- **Exercise**:
Each line from the opening of the material through the line holding "要吐槽一下这里的淡菜。老板给" needs to be returned exactly, with the pictures left out.

- **Entries provided**:
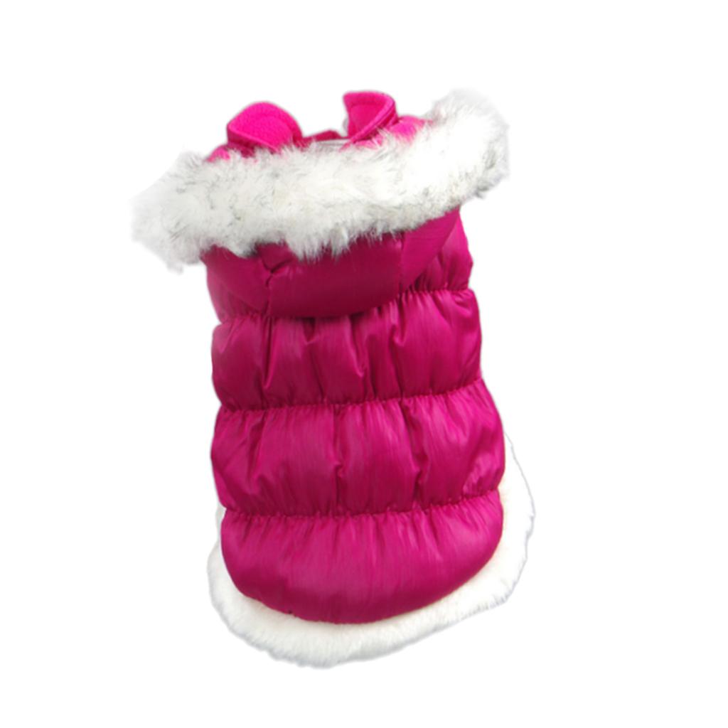 Pet Puppy Winter Hoodie Dog Cat Warm Coat Jacket Clothes Apparel Rose Red M
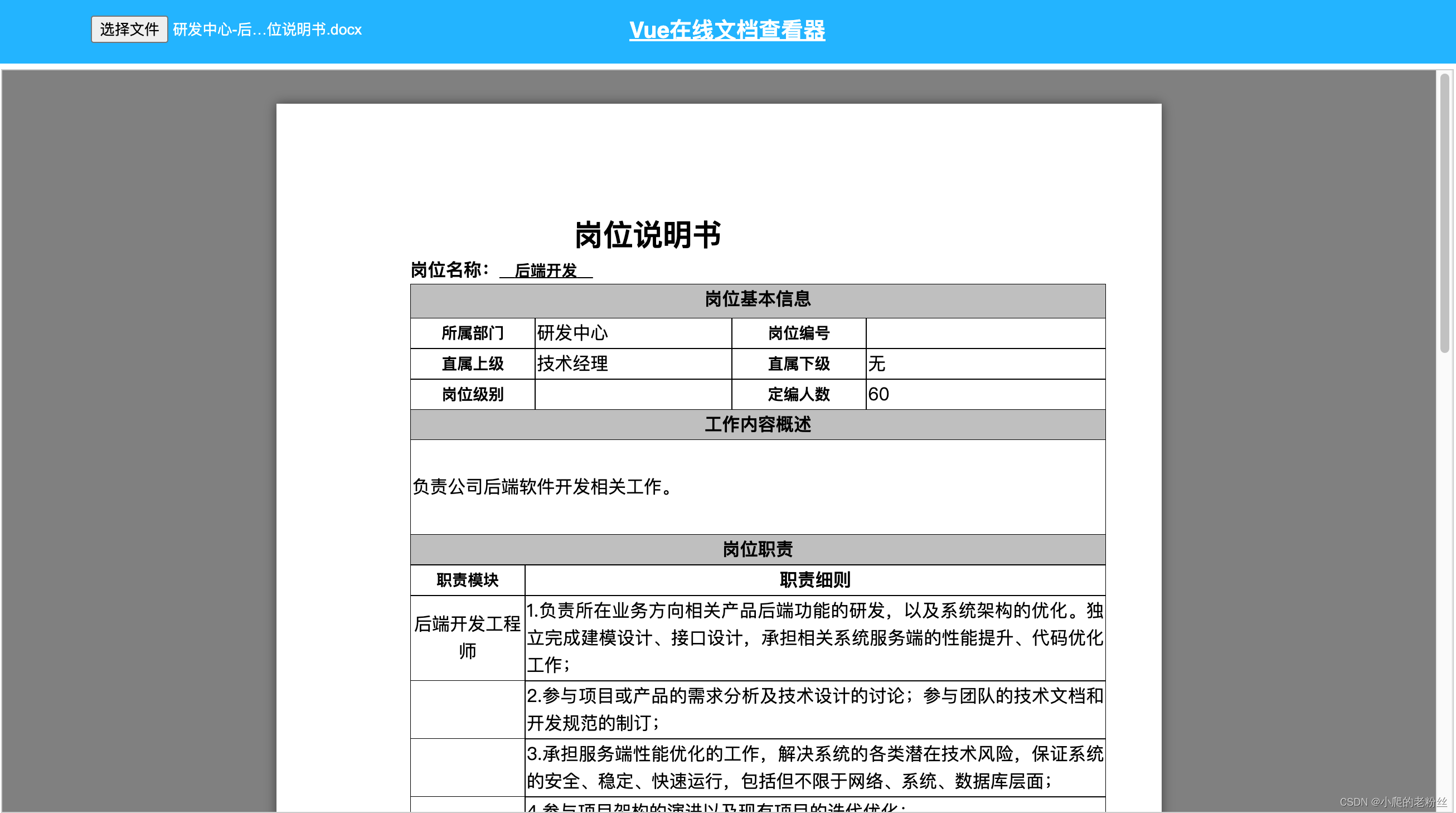 纯前端的文档预览功能,是非常常见的需求,但就是这么简单的需求,难住了许多可爱的小伙伴们。别急,先访问一下解决方案,给你一个惊喜,再往下看:
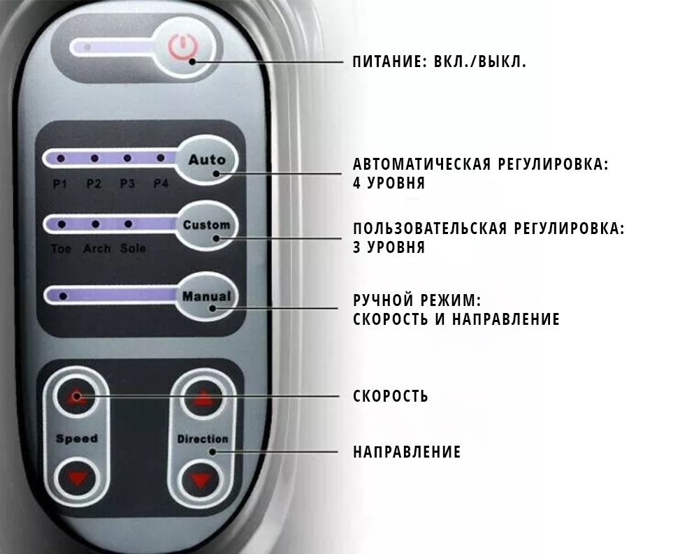 Комплектация: массажер для стоп и лодыжек, пульт управления, инструкция на русском языке, гарантийный талон на 24мес.
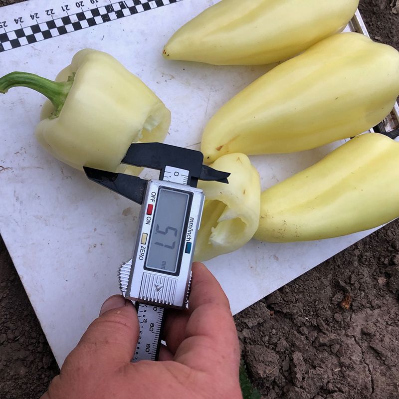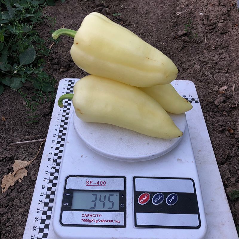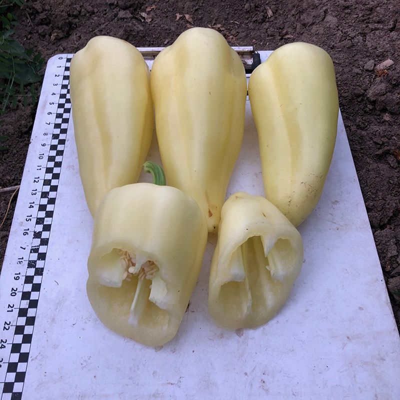 Характеристика плода – Плоди конічної форми. Товщина стінки плода – 6 мм. Довжина – 14 см, діаметр – 7 см. У технічній стиглості мають білий колір, у біологічній стиглості – жовтий. Вага плоду – 130-160 г.
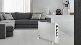 The heater’s three dials manage the thermostat’s 6 power levels, the fan speed, and the 24 hour timer. You can program this timer to only run your heater at the times of day when you’ll be at home, for added comfort, convenience and efficiency at home.
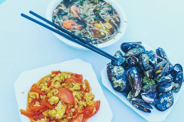 要吐槽一下这里的淡菜。老板给我们推荐的这里的特色菜,是一种海鲜,第一次吃,一股浓浓的柴油味,刚开始以为就是这种味道,也没有多想,但是越吃越恶心。后来,发现他们打渔几乎都是在岛边,这里不停地有船只停泊,加上打渔的船也都是停在附近,可能那股貌似柴油的味道真的就是柴油味吧!
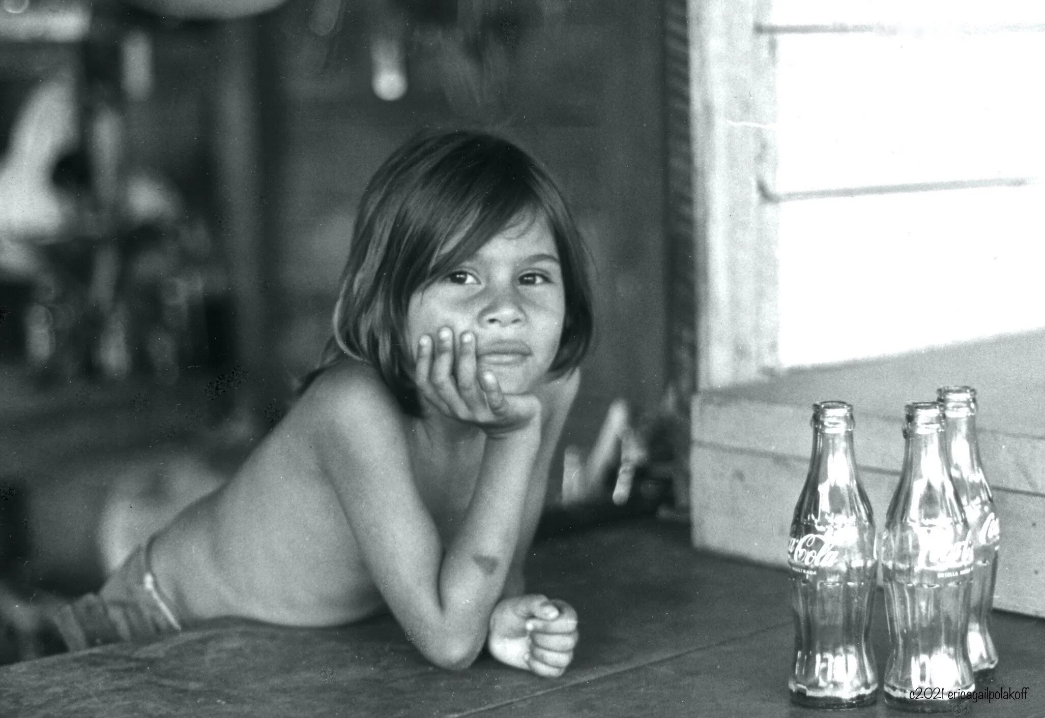 I had always been drawn to b&w photography, and I was (and forever will be) in awe of how Ansel Adams could make mountains appear as though they were lit from the inside out. However, I hadn’t yet found myself in a place where the landscapes demanded to be seen in black-and-white. In Tocoa, my focus was people, particularly the kids we worked with in the schools (Portfolio 2). This is AlmaOndina, one of eight kids who lived next door with their mom. From the window ledge of the front room of their home, they sold mostly warm Coca Colas. The year was 1978.
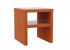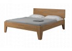 Drevená posteľ s masívnym čelom a veľkým úložným priestorom.
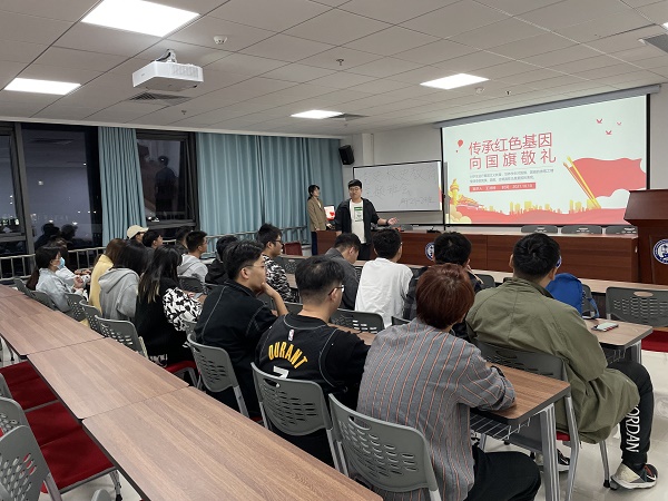 此次班会的主题是“传承红色基因,向国旗敬礼”,对学生进行爱国主义教育,培养学生对国旗、国徽的崇敬之情,懂得尊敬国旗、国徽,会唱国歌也是爱国的表现。在认识红色基因方面,班长王润坤首先向大家介绍红色基因是一种革命精神的传承。到今天,在这个承前启后,继往开来的新时代,以红船精神,井冈山精神,长征精神,延安精神,西柏坡精神等为代表的红色精神,值得一以贯之地坚守与发扬,因为它清晰地告诉我们——今天的中国从何处来,又往何处去。其次,王润坤从国庆节的基本特征、功能体现及国家象征三个方面进行国庆节这个重要节日的相关知识普及。然后,对国旗、国徽、国歌的有关知识进行学习,国旗、国徽、国歌,它们是最崇高、最神圣、最亲切的名字,此次会议主要从它们象征的意义来对其进一步了解。最后,全体同学面向国旗敬礼,此次党史校史教育主题班会顺利结束。
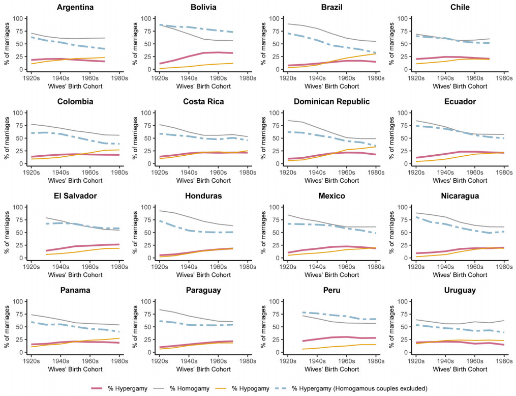 Using census data from across 16 countries in Latin America, they show that when hypergamy is measured relative to all marriages, it has actually increased in most countries over time, while homogamy has declined. However, hypogamy has risen more sharply, suggesting that there are simply more heterogamous unions in general. Part of this may be due to people marrying later, meaning less sorting by education.
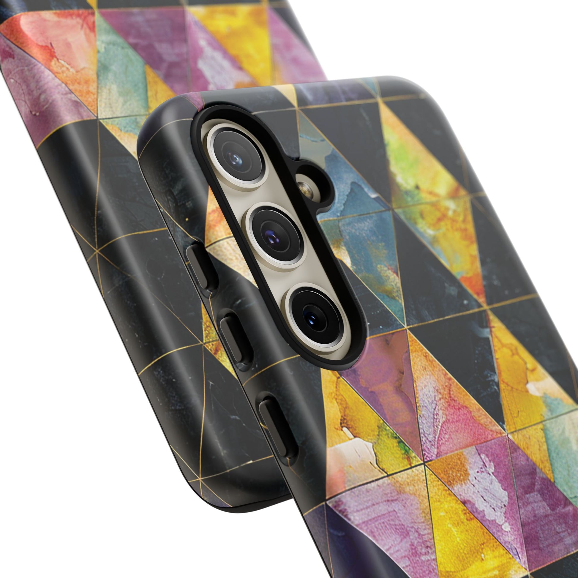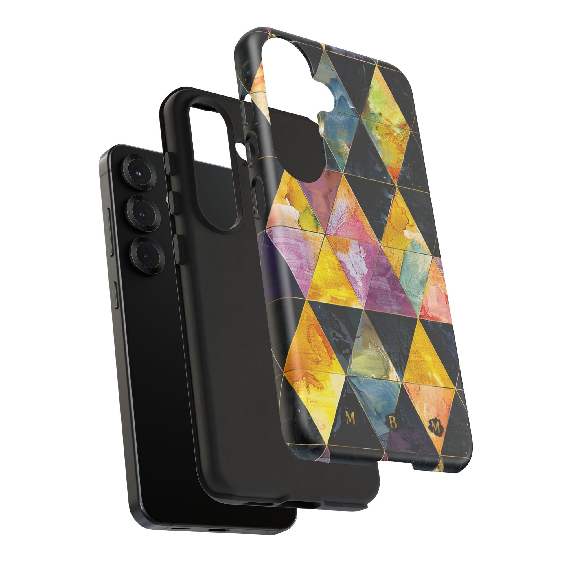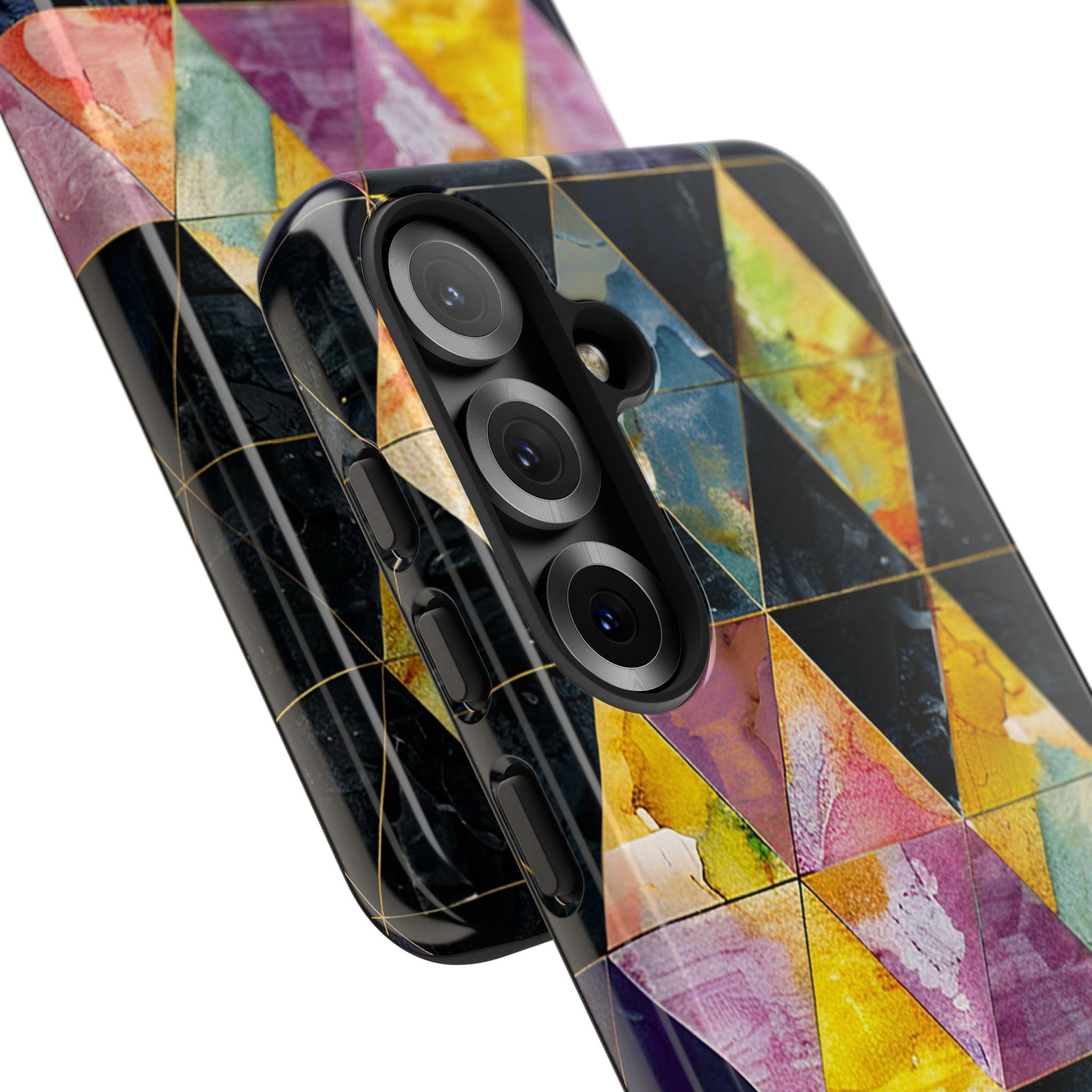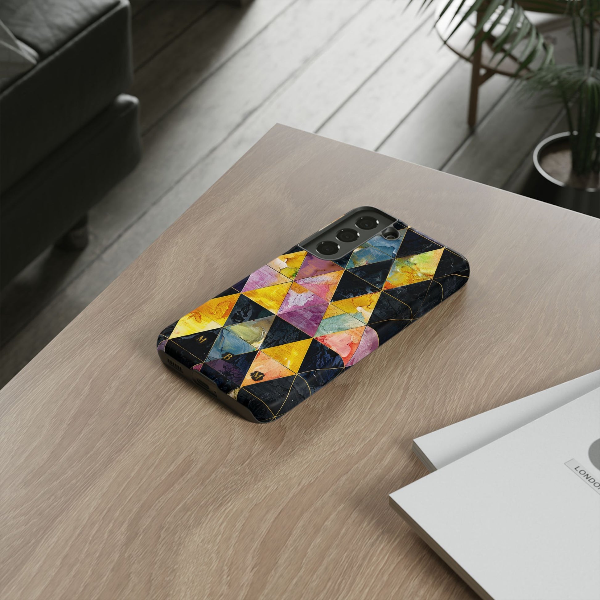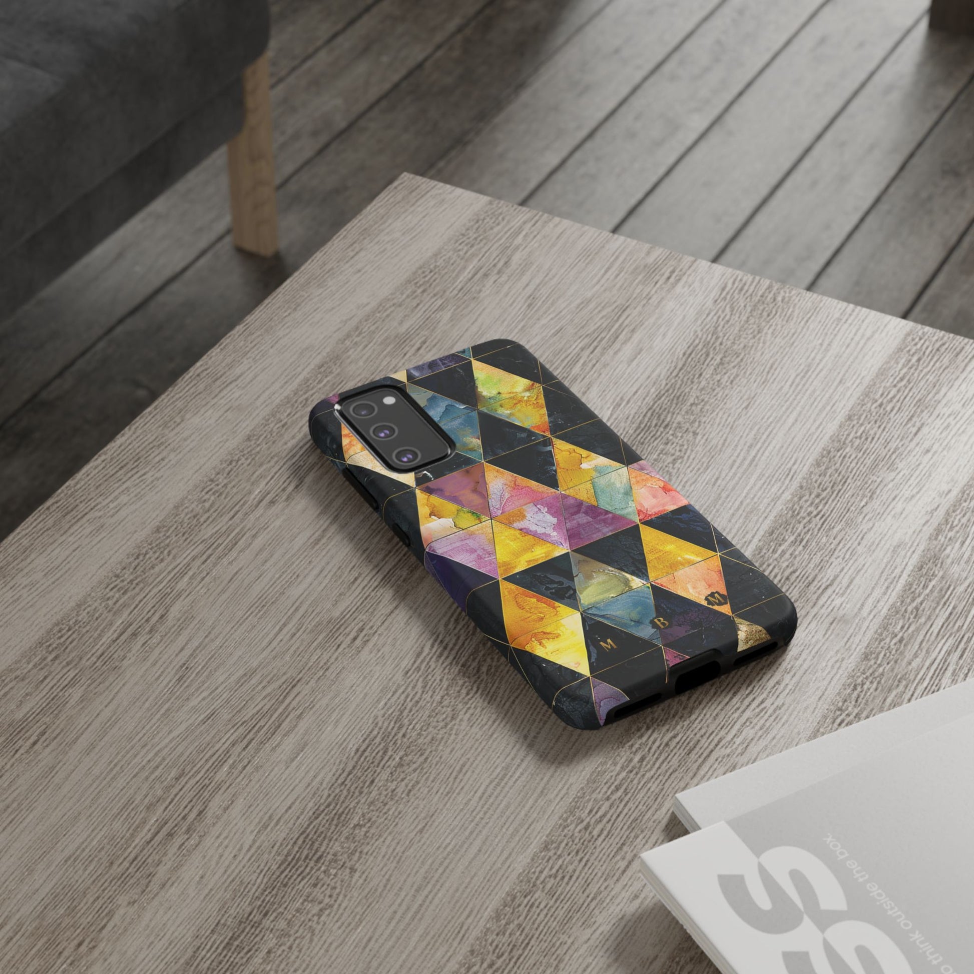Get ready to dazzle with the Vertex Prism Phone Case! This eye-catching design features a kaleidoscope of vibrant colors splashed across a geometric pattern of triangles. Think of it as a modern art masterpiece for your phone! The mix of purples, yellows, blues, and blacks creates a stunning visual effect that's sure to turn heads. Not only does it look amazing, but it also provides solid protection for your device. Perfect for anyone who loves a pop of color and a touch of sophistication. Make your phone the star of the show with the Vertex Prism Phone Case!

- **Answer section**:
 Pet Puppy Winter Hoodie Dog Cat Warm Coat Jacket Clothes Apparel Rose Red M
 纯前端的文档预览功能,是非常常见的需求,但就是这么简单的需求,难住了许多可爱的小伙伴们。别急,先访问一下解决方案,给你一个惊喜,再往下看:
 Комплектация: массажер для стоп и лодыжек, пульт управления, инструкция на русском языке, гарантийный талон на 24мес.
 Характеристика плода – Плоди конічної форми. Товщина стінки плода – 6 мм. Довжина – 14 см, діаметр – 7 см. У технічній стиглості мають білий колір, у біологічній стиглості – жовтий. Вага плоду – 130-160 г.
 The heater’s three dials manage the thermostat’s 6 power levels, the fan speed, and the 24 hour timer. You can program this timer to only run your heater at the times of day when you’ll be at home, for added comfort, convenience and efficiency at home.
 要吐槽一下这里的淡菜。老板给我们推荐的这里的特色菜,是一种海鲜,第一次吃,一股浓浓的柴油味,刚开始以为就是这种味道,也没有多想,但是越吃越恶心。后来,发现他们打渔几乎都是在岛边,这里不停地有船只停泊,加上打渔的船也都是停在附近,可能那股貌似柴油的味道真的就是柴油味吧!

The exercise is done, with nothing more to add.